Well, I suppose that it has been a while. Bit all the same, if we were having coffee, I’d tell you to drag up a chair, maybe order up a coffee or tea or whatever kind of concoction you would like since we would be hanging out in the Barnes & Noble Cafe. The fine folks here can hook you right up!
All good? Great, shall we chat?
It is true that I’ve been absent from the blog for a bit now. As with other absenses in the past, I make no excuses other than to say that “I’ve been busy doing other stuff.”
That statement in itself makes me sad, and a bit happy all at the same time. Don’t look at me like that.
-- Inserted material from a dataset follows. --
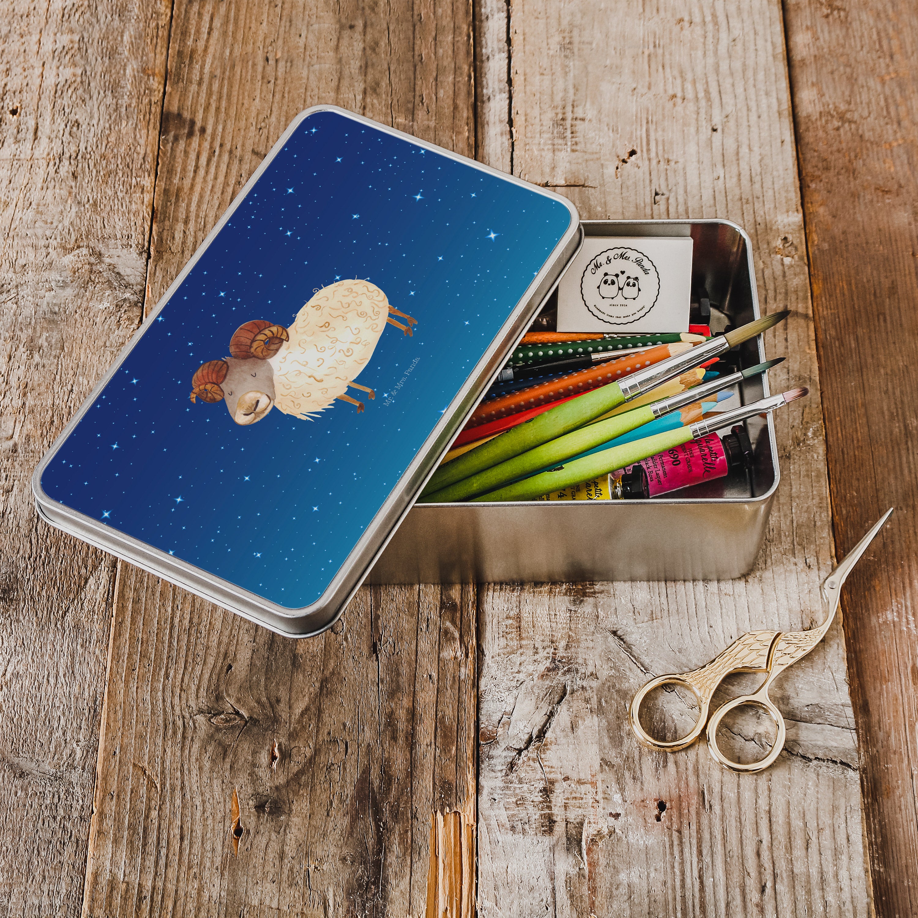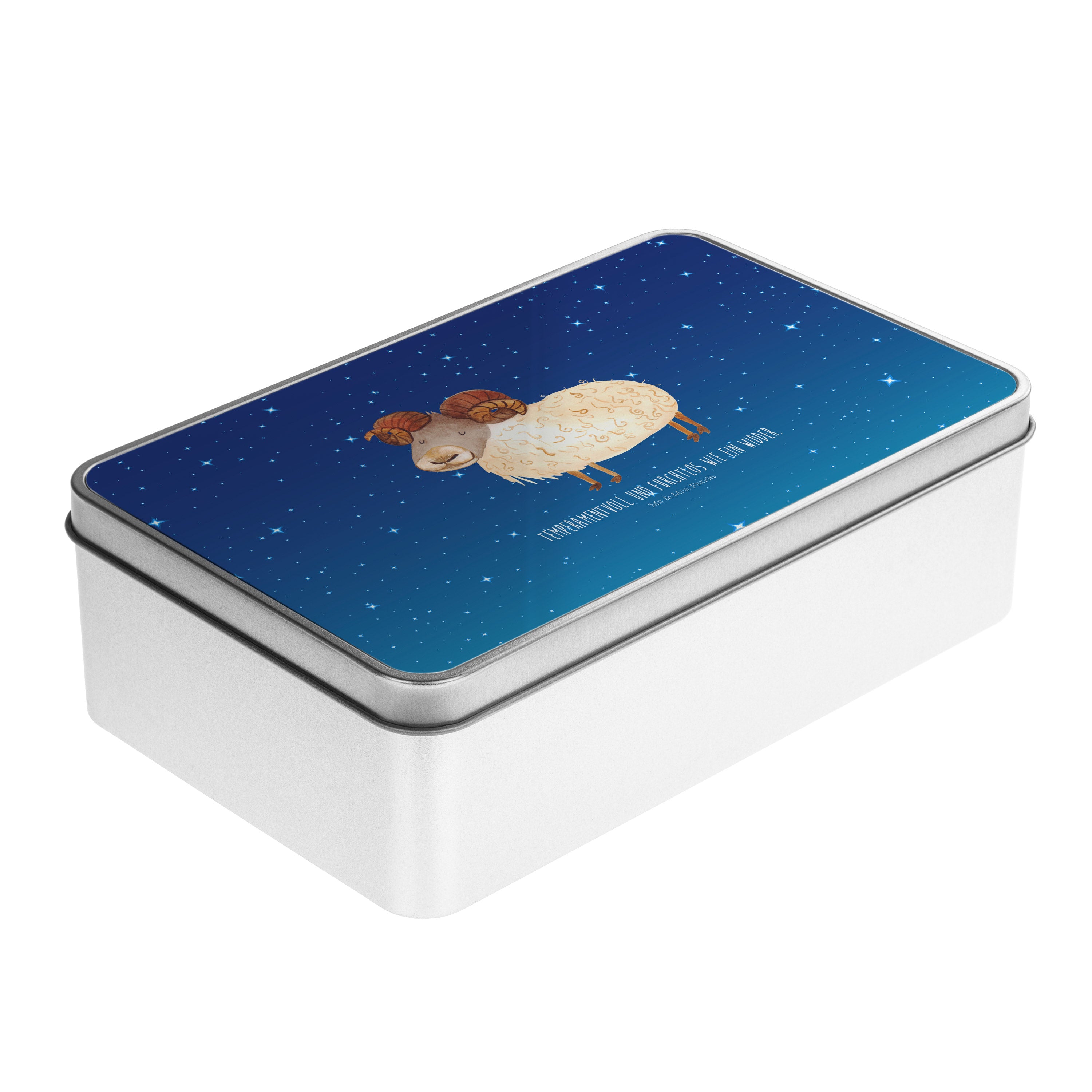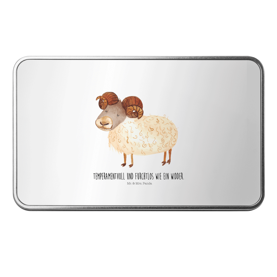 Metalldose rechteckig Sternzeichen Widder - mit Spruch - Weiß

Okay, I’ll explain.
It makes me sad because I enjoy the time I spend writing, blog posts, poetry, and stories of varying lengths. It is time to think, reflect, and recharge my introvert batteries.
Also, I’ve said so many times in my life, “that if you want to do something, you’ll make time for it,” and I still believe that is true. That statement makes me wonder just how bad I want to write, since I’ve made little to no time for it lately. So, sad.
On the other hand, I’ve been plenty happy as of late. I’ve been traveling a good bit, running a lot, and racing more than I ever have before. My daughter and I are closing in on our first Trifecta (Spartan Race reference) of the year and that’s pretty awesome.
My daughter and I run and train together a lot and that leaves me worn out most nights. As a result, I find myself sleeping instead of writing most nights. Other nights I plop onto the couch and watch the idiot box with the family. I know that that is not the best use of my time, but oh well. I’m tired and even though we’re just watching tv, we’re in the same room, hanging out together, and that’s cool.
I suppose that after talking it all through, that I’m still not sure how to make everything that I want to do fit into the mere 24 hours that we are all besssed with each day.
Perhaps the path I walk now is the right one. Live life to the fullest everyday, and if some things get lost along the way, that is the price we pay.
But perhaps a new path will reveal itself and I’ll be able to walk along it into endless happiness.
More likely than either of those though, there lies a path in beween. One that feeds the fit freak racer as well as the creative introverted mind. That would be nice. Now if I could just find that path, I’ll start walking.